┌──
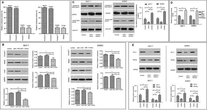 Figure 3: miR-1 inhibits the stemness of breast CSCs by targeting the Wnt/β-catenin signaling. 293T cells were transfected with luciferase reporter plasmids containing the 3UTR sequences of the fizzled 4, 5, 7, or TNKS2 and miR-1 or control miR-1NC and the effect of miR-1 on luciferase activity was determined A. The luciferase activity in the control cells that had been transfected with miR-1NC were considered as 100%. CD44+CD24− CSC from MCF-7 and SKBR3 cells were sorted and transfected with, or without, miR-1NC, miR-1inhibitor, or miR-1mimic for 24 or 48 h. The relative levels of fizzled 7, TNKS2 and c-Myc to control GAPDH were determined by Western blot B. In addition, the relative levels of cytoplasmic and nuclear β-catenin to GAPDH or lumen B1 in each group of cells were determined by Western blot C. Moreover, MCF-7/CSC and SKBR3/CSC were transfected with miR-1mimic, miR-1NC or miR-1inhibitor for 24 h. The cells in each group were transfected with TopFlash and pRL-TK for 48 h. The relative levels of β-catenin-dependent firefly luciferase activity in different groups of CSCs were determined by the dual luciferase assay D. The relative levels of β-catenin-dependent luciferase activity in the control cells that had been transfected with miR-1NC, TopFlash and pRL-TK were designated as 1. Finally, the relative levels of Oct4 and Nanog expression in each group of cells were determined by Western blot E. Data are representative images and expressed as the mean ± SD of each group of cells from three separate experiments. *p < 0.05; **p < 0.01.
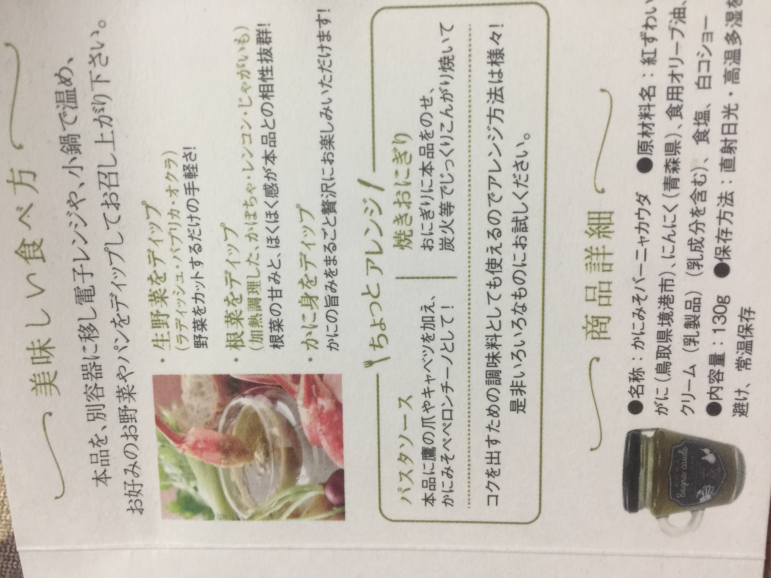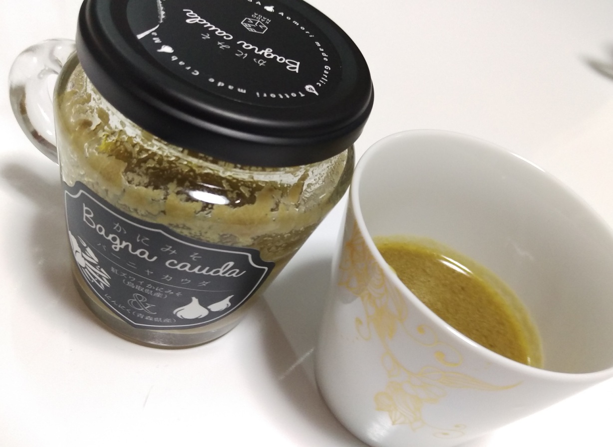 早速瓶を開けてみると、かにみその匂いがとても強く食欲が湧いてきました。瓶に書いてある通りレンジで少し温めて生野菜をつけて食べました。塩加減もちょうど良く、かにみその味がとてもしっかりしているので、お酒にも合う味だと思います。普通のバーニャカウダより味がしっかりしていて、クセになる味です。かにみそをそのまま食べてるかのようなコクのある味です。1つの瓶でも量はしっかり入っているので、家族で食べるには2、3回分くらいあり満足できる量です。夫もとても美味しいと言って食べていたので、かにみそが好きな人には特にオススメの商品です。
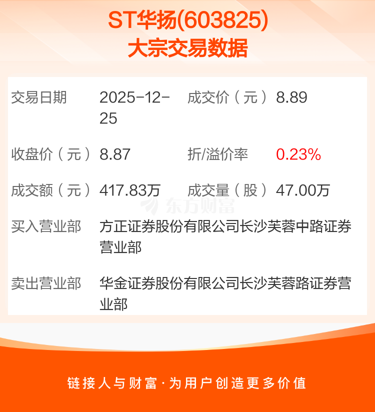 2025年12月25日,ST华扬发生1笔大宗交易,共成交47.00万股,成交金额417.83万元,占其流通市值比例为0.19%。
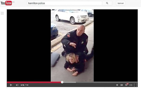 Screen grab from a video that shows Hamilton police constables Mark Morelli and Chantelle Wilson struggling with a screaming young woman on a strip-mall sidewalk.
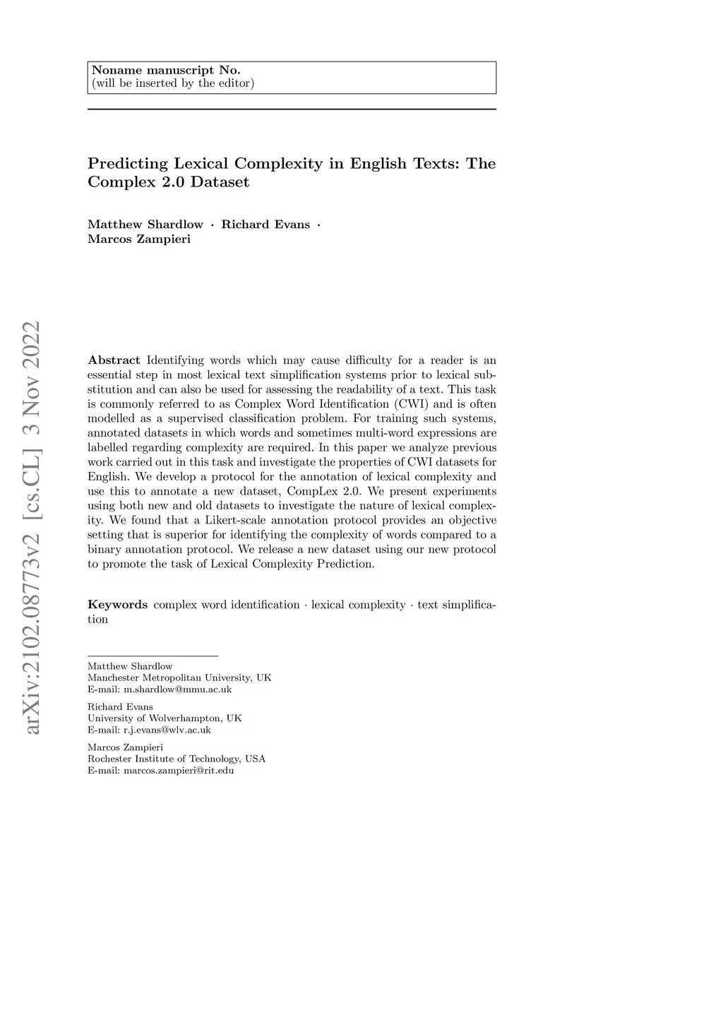 Predicting Lexical Complexity in English Texts: The Complex 2.0 Dataset
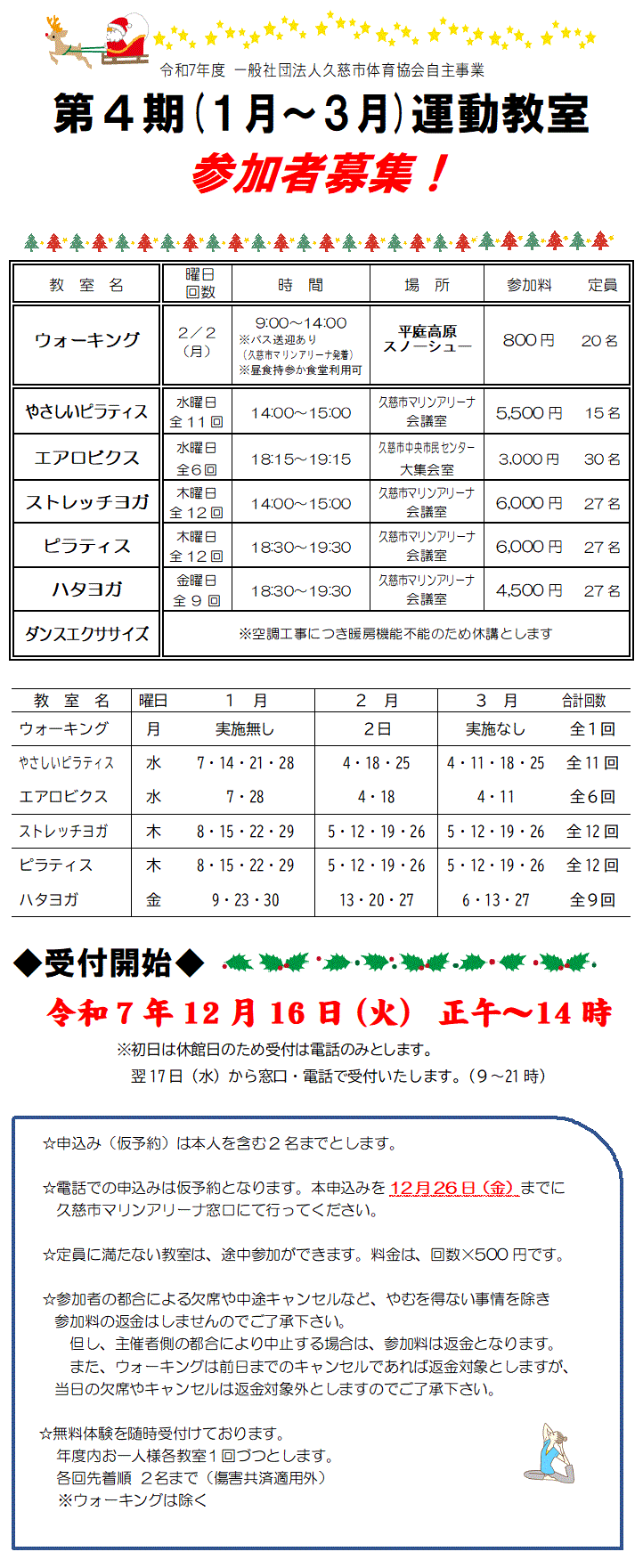 令和7年12月 久慈市マリンアリーナ 月間予定表 |
└──
__Task brief__
First drop every picture, then print the data above exactly as it stands.

__Response below__
 Figure 3: miR-1 inhibits the stemness of breast CSCs by targeting the Wnt/β-catenin signaling. 293T cells were transfected with luciferase reporter plasmids containing the 3UTR sequences of the fizzled 4, 5, 7, or TNKS2 and miR-1 or control miR-1NC and the effect of miR-1 on luciferase activity was determined A. The luciferase activity in the control cells that had been transfected with miR-1NC were considered as 100%. CD44+CD24− CSC from MCF-7 and SKBR3 cells were sorted and transfected with, or without, miR-1NC, miR-1inhibitor, or miR-1mimic for 24 or 48 h. The relative levels of fizzled 7, TNKS2 and c-Myc to control GAPDH were determined by Western blot B. In addition, the relative levels of cytoplasmic and nuclear β-catenin to GAPDH or lumen B1 in each group of cells were determined by Western blot C. Moreover, MCF-7/CSC and SKBR3/CSC were transfected with miR-1mimic, miR-1NC or miR-1inhibitor for 24 h. The cells in each group were transfected with TopFlash and pRL-TK for 48 h. The relative levels of β-catenin-dependent firefly luciferase activity in different groups of CSCs were determined by the dual luciferase assay D. The relative levels of β-catenin-dependent luciferase activity in the control cells that had been transfected with miR-1NC, TopFlash and pRL-TK were designated as 1. Finally, the relative levels of Oct4 and Nanog expression in each group of cells were determined by Western blot E. Data are representative images and expressed as the mean ± SD of each group of cells from three separate experiments. *p < 0.05; **p < 0.01.
 早速瓶を開けてみると、かにみその匂いがとても強く食欲が湧いてきました。瓶に書いてある通りレンジで少し温めて生野菜をつけて食べました。塩加減もちょうど良く、かにみその味がとてもしっかりしているので、お酒にも合う味だと思います。普通のバーニャカウダより味がしっかりしていて、クセになる味です。かにみそをそのまま食べてるかのようなコクのある味です。1つの瓶でも量はしっかり入っているので、家族で食べるには2、3回分くらいあり満足できる量です。夫もとても美味しいと言って食べていたので、かにみそが好きな人には特にオススメの商品です。
 2025年12月25日,ST华扬发生1笔大宗交易,共成交47.00万股,成交金额417.83万元,占其流通市值比例为0.19%。
 Screen grab from a video that shows Hamilton police constables Mark Morelli and Chantelle Wilson struggling with a screaming young woman on a strip-mall sidewalk.
 Predicting Lexical Complexity in English Texts: The Complex 2.0 Dataset
 令和7年12月 久慈市マリンアリーナ 月間予定表 |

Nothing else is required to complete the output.